## WHAT YOU NEED TO DO
Copy only the lines between the one containing "这次的体验会上,意料之外的惊喜是现场的一台持续打印神奇工场 logo 的桌面" and the end of the records, both included, leaving out pictures.

——

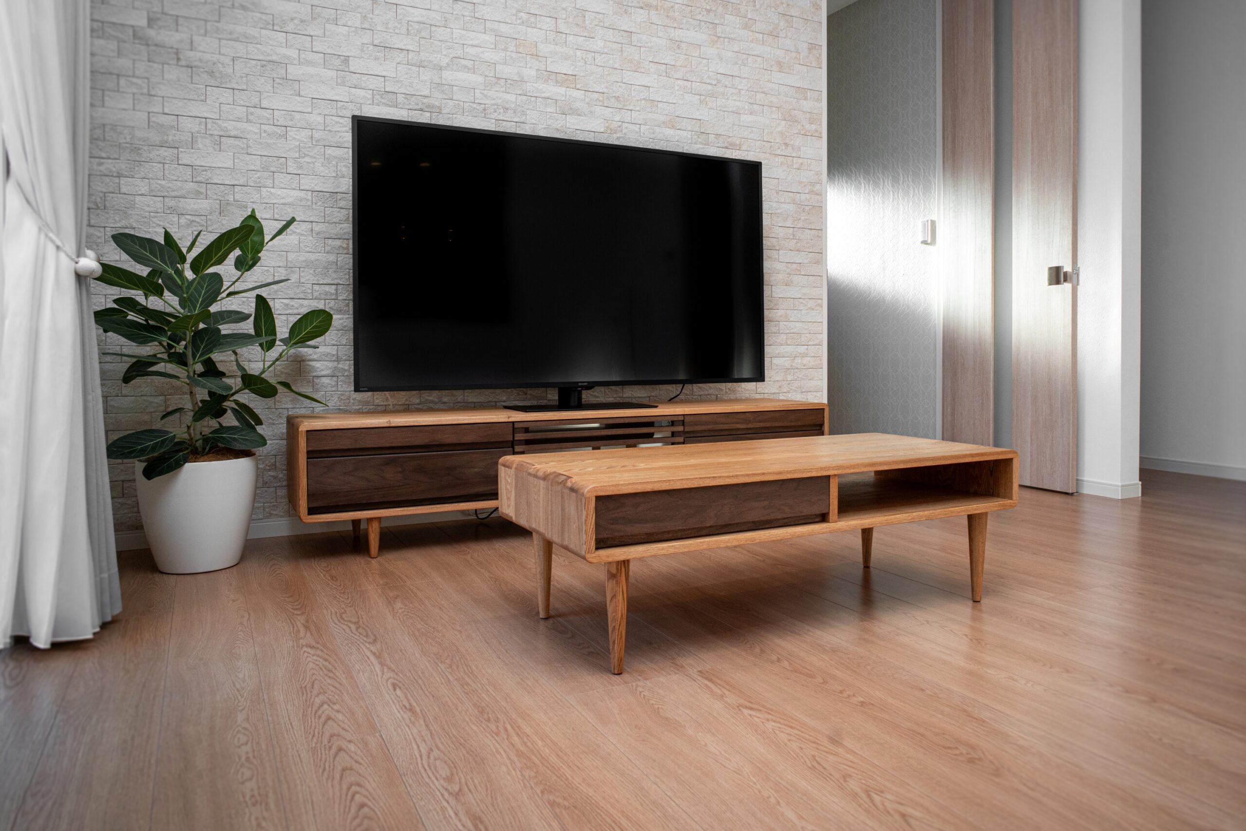 タモ(アッシュ)×ブラックウォールナット無垢材のテレビ台・センターテーブルをお届けしました。無垢材ならではの丸みのあるフォルムと、天然の色あいを活かしたツートンカラーがとても可愛らしいですね。
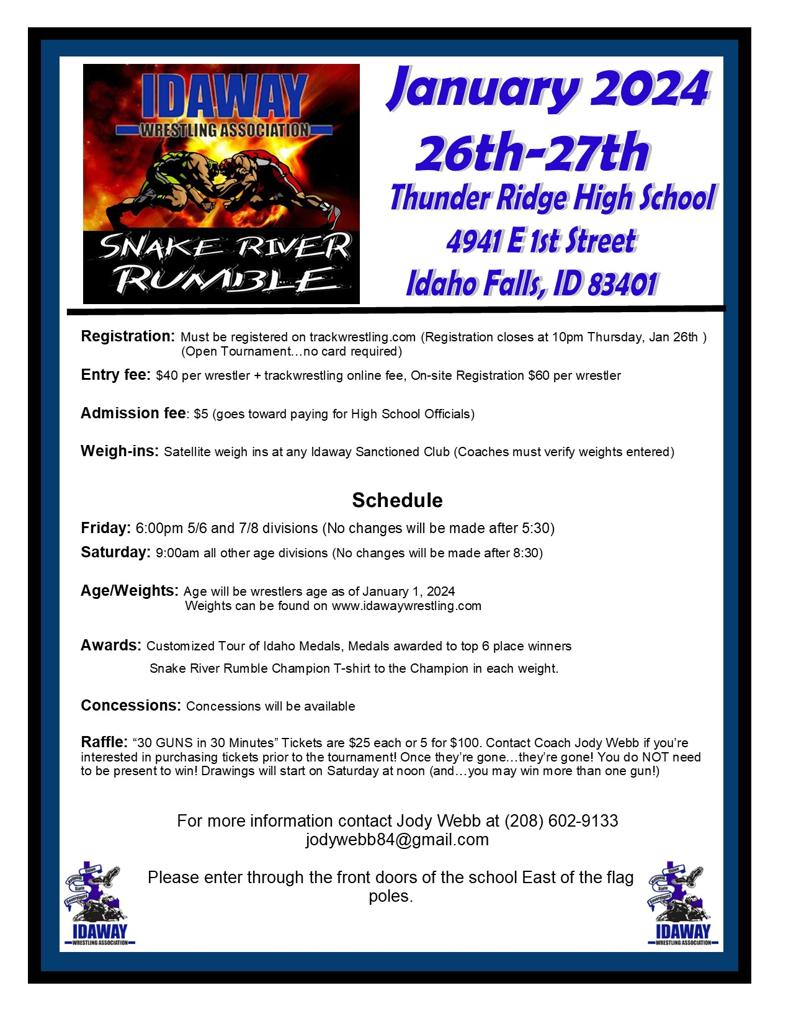 Click the link above to go to Trackwrestling.com and register for the Snake River Rumble 2024 (Tour of Idaho)
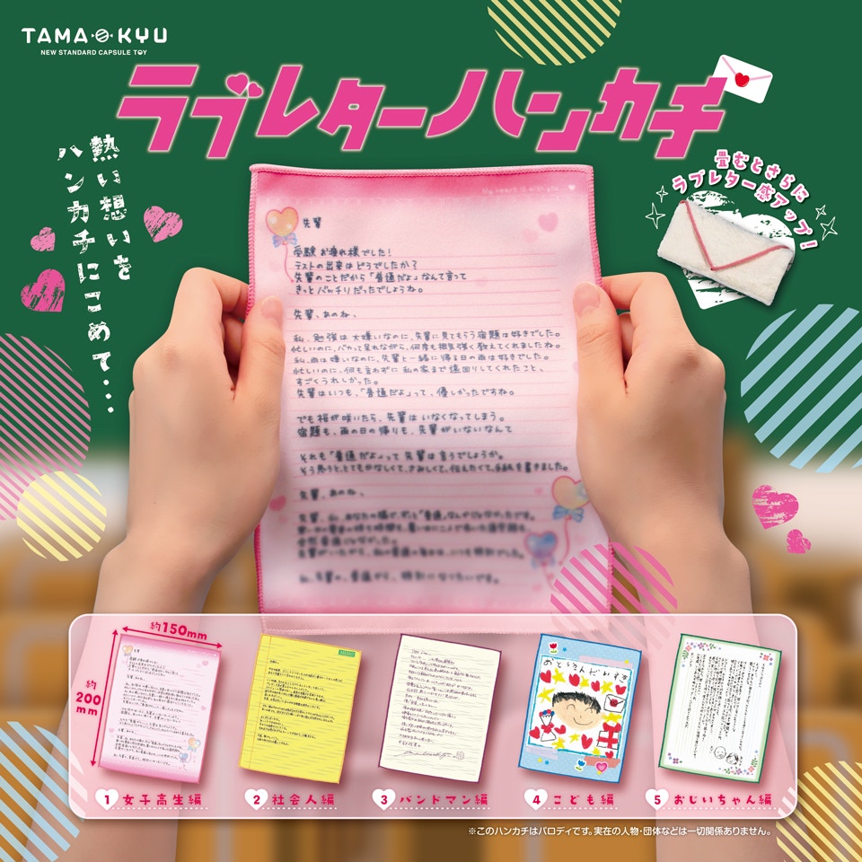 ▼Tama-Kyu預計在11月推出「情書手帕扭蛋」。這一系列扭蛋共有5款,有情書、小朋友給爸爸的畫像、公司高層寫給下屬的關愛信等等。
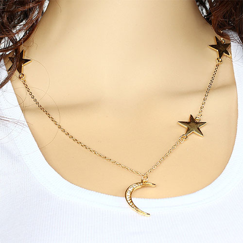 Fashion Gold-tone Stars Moon Pendant Necklace
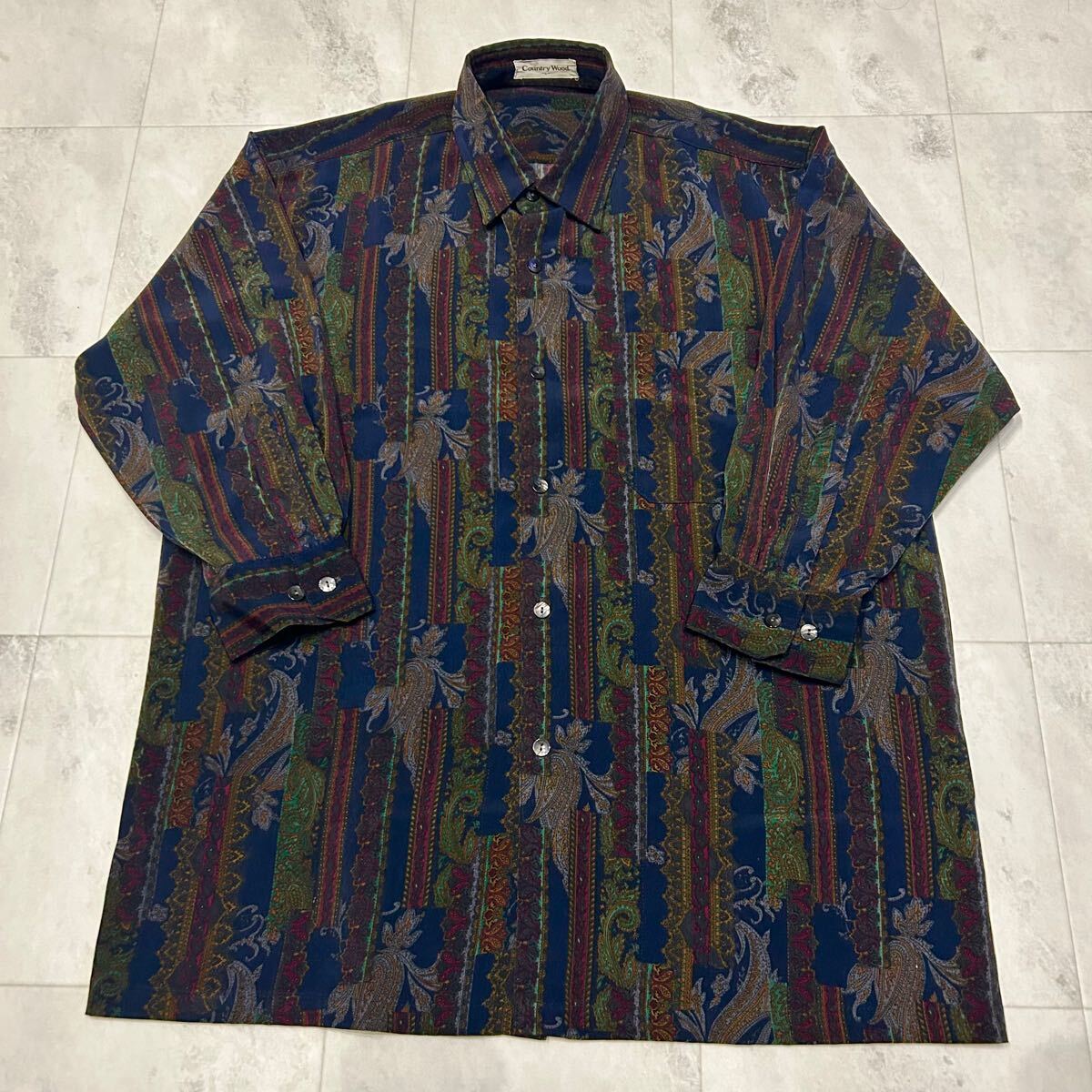 > Country Wood 総柄 柄シャツ ペイズリー 和柄 レトロ アート ビンテージ 七部 長袖シャツ ポリエステル100%
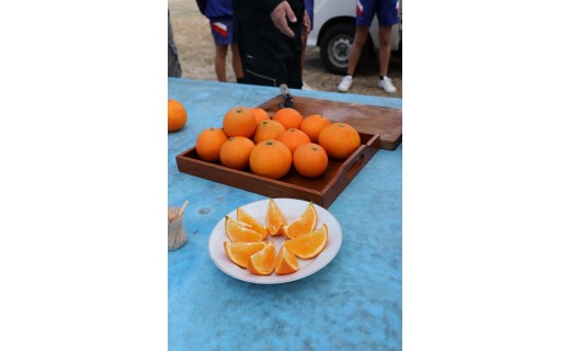 収穫した愛果28号はその場でカットして試食。甘さも十分あり、酸味も程よくおいしいみかんでした!
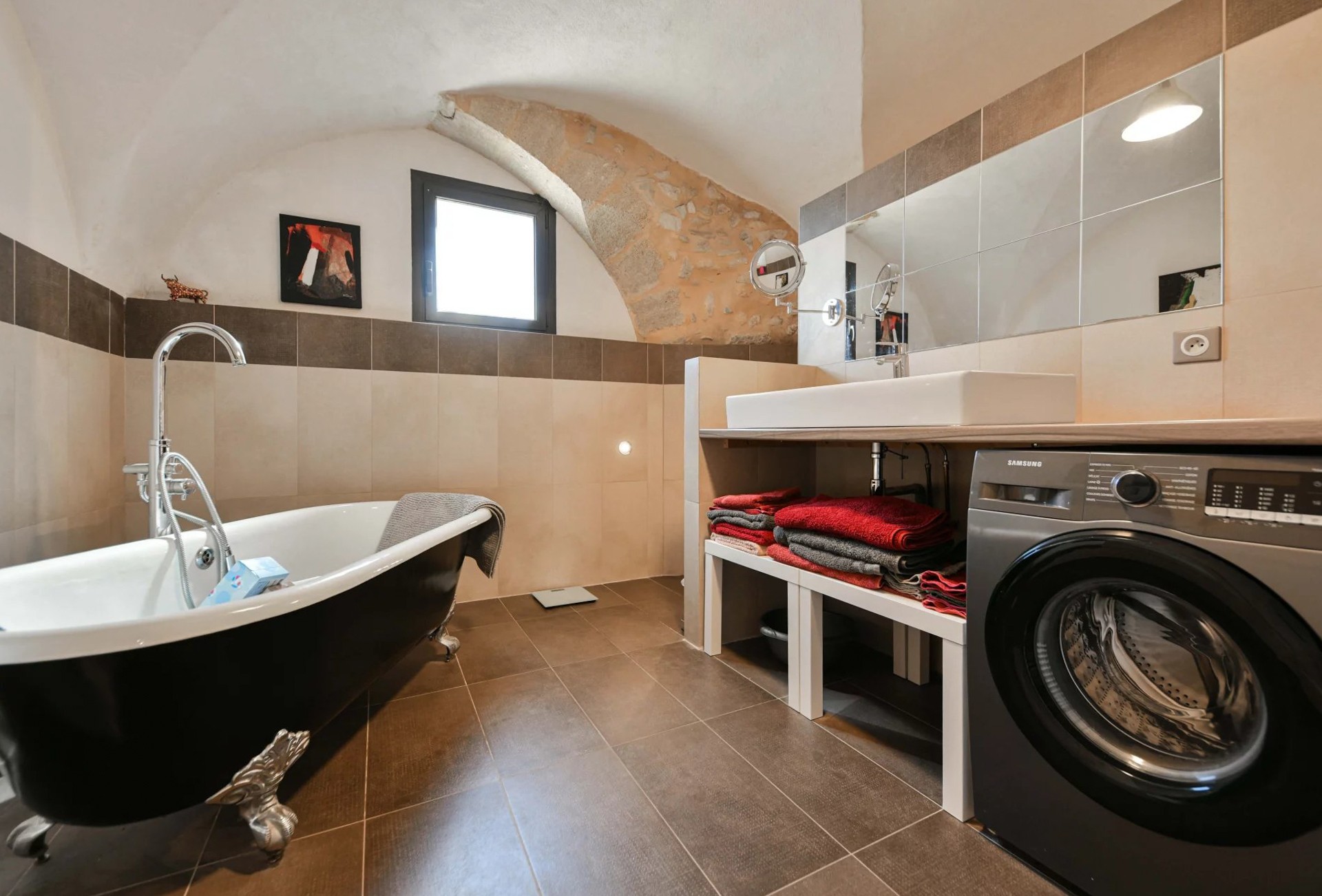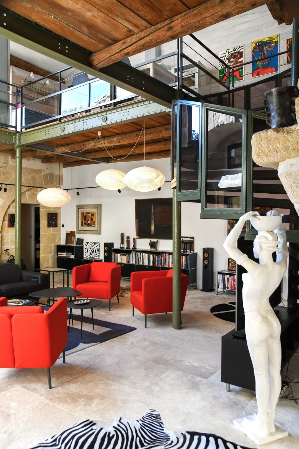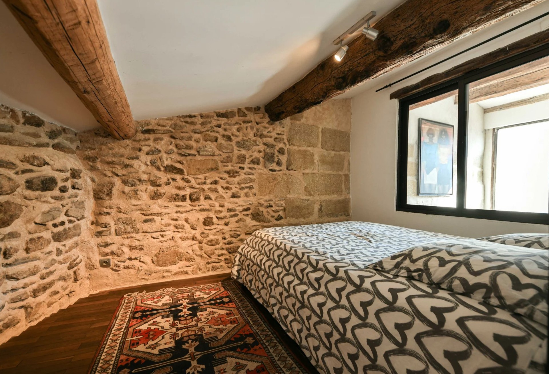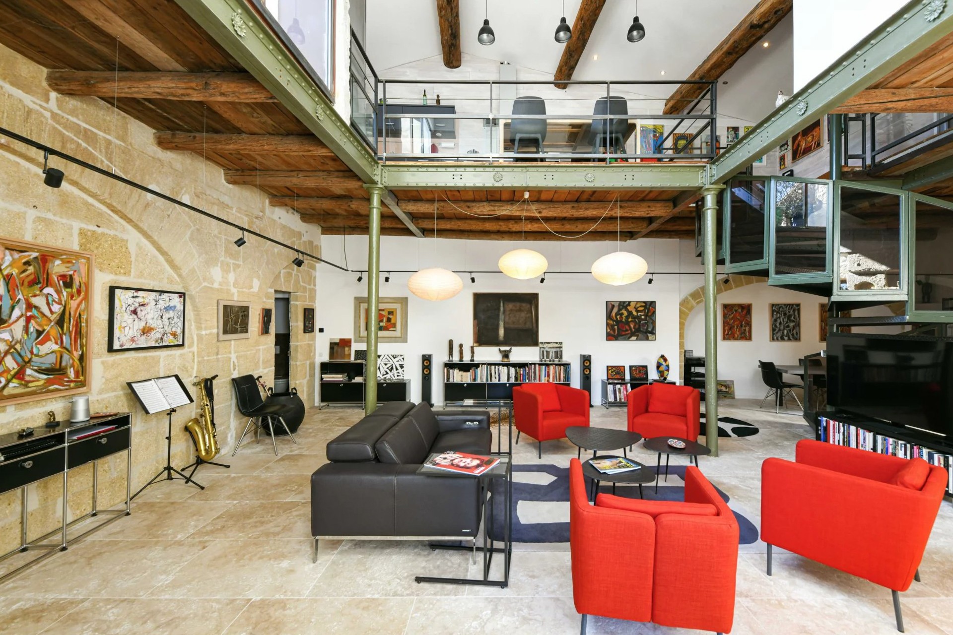 Ancien moulin à huile rénové avec volumes exceptionnels dans village avec commerces
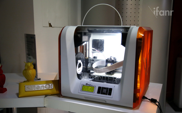 这次的体验会上,意料之外的惊喜是现场的一台持续打印神奇工场 logo 的桌面 3D 打印机。这台打印机是来自三纬国际的 da Vinci Junior。整个机器的体积像是一台稍高一点的微波炉,重量为 12 公斤,喷头直径可以在 0.1~0.4mm 之间调节,最大可打印尺寸为 15×15×15cm。产品将在 4 月 8 日左右登陆神奇工场首销,售价则为 1999 元,可以用于教学和娱乐,或者是给孩子打印一些小玩具。低廉的价格对于普及 3D 打印的概念还是比较有吸引力的。三纬国际现场负责人告诉爱范儿,首销的 3D 打印机数量有限,在 300~500 台左右。
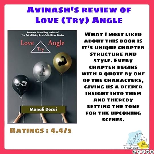 Read my detailed review of Saini Subramanyam vs. 2020 hereWhen I reached out to the author, Avinash, asking him to be a part of the Author Collaborative, he was game for it, right away. Of course, before we could do the session, he had to read my book Love (Try) Angle. Here’s his take on it.
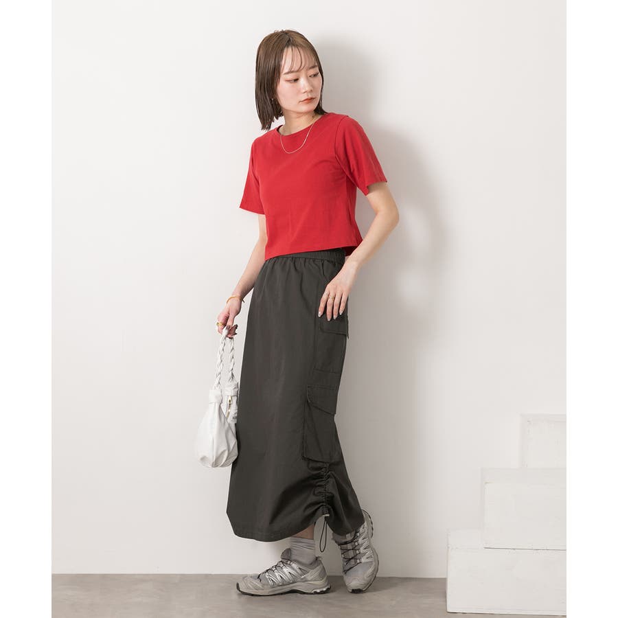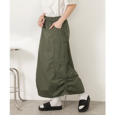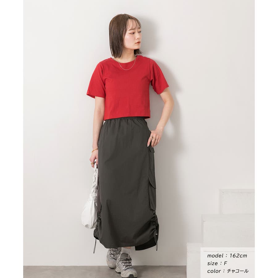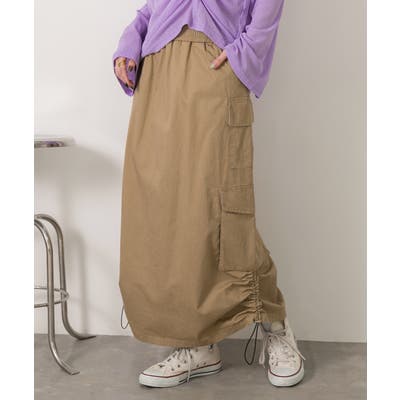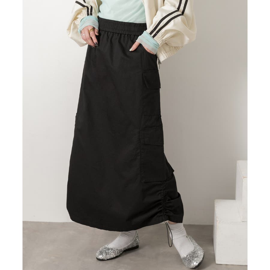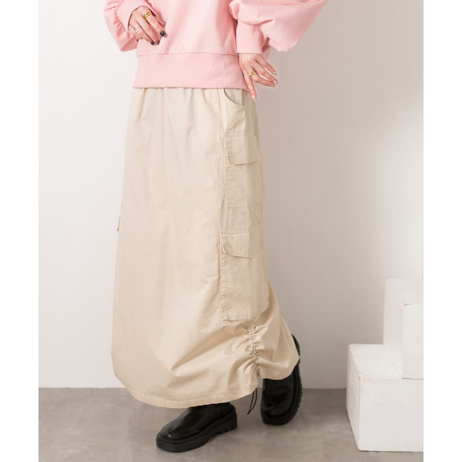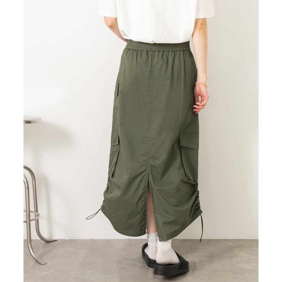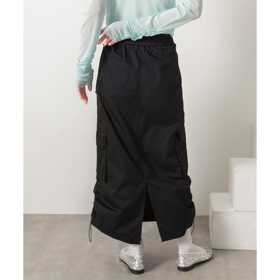サイドにあしらわれたドローコードがポイントのカーゴスカート
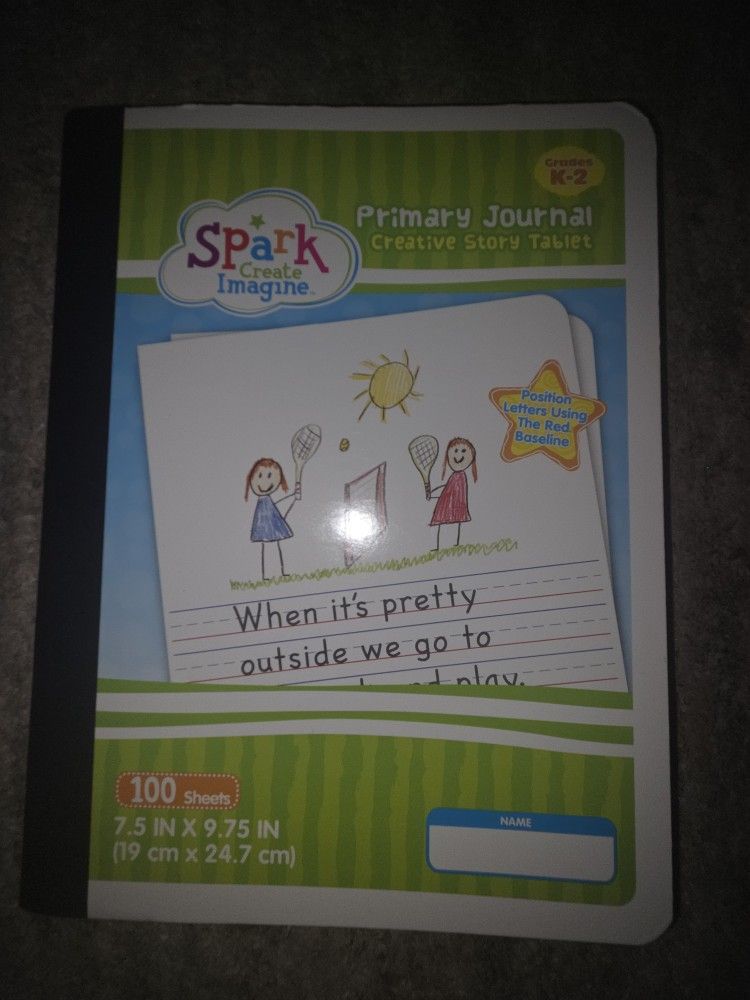 This is a Spark Create Imagine Primary Journal Creative Story Tablet designed for grades K-2. X1 $6 new It contains 100 double-sided sheets, with the top half of each page blank for drawing and the bottom half primary ruled for writing practice. The pages are designed with a dashed midline and a red baseline to help children with proper letter formation and handwriting development. The overall dimensions of the journal are 7.5 inches by 9.75 inches (19 cm x 24.7 cm). It is suitable for young students in kindergarten through second grade to develop creative writing and storytelling skills.

——

## ANSWER SECTION
 这次的体验会上,意料之外的惊喜是现场的一台持续打印神奇工场 logo 的桌面 3D 打印机。这台打印机是来自三纬国际的 da Vinci Junior。整个机器的体积像是一台稍高一点的微波炉,重量为 12 公斤,喷头直径可以在 0.1~0.4mm 之间调节,最大可打印尺寸为 15×15×15cm。产品将在 4 月 8 日左右登陆神奇工场首销,售价则为 1999 元,可以用于教学和娱乐,或者是给孩子打印一些小玩具。低廉的价格对于普及 3D 打印的概念还是比较有吸引力的。三纬国际现场负责人告诉爱范儿,首销的 3D 打印机数量有限,在 300~500 台左右。
 Read my detailed review of Saini Subramanyam vs. 2020 hereWhen I reached out to the author, Avinash, asking him to be a part of the Author Collaborative, he was game for it, right away. Of course, before we could do the session, he had to read my book Love (Try) Angle. Here’s his take on it.
サイドにあしらわれたドローコードがポイントのカーゴスカート
 This is a Spark Create Imagine Primary Journal Creative Story Tablet designed for grades K-2. X1 $6 new It contains 100 double-sided sheets, with the top half of each page blank for drawing and the bottom half primary ruled for writing practice. The pages are designed with a dashed midline and a red baseline to help children with proper letter formation and handwriting development. The overall dimensions of the journal are 7.5 inches by 9.75 inches (19 cm x 24.7 cm). It is suitable for young students in kindergarten through second grade to develop creative writing and storytelling skills.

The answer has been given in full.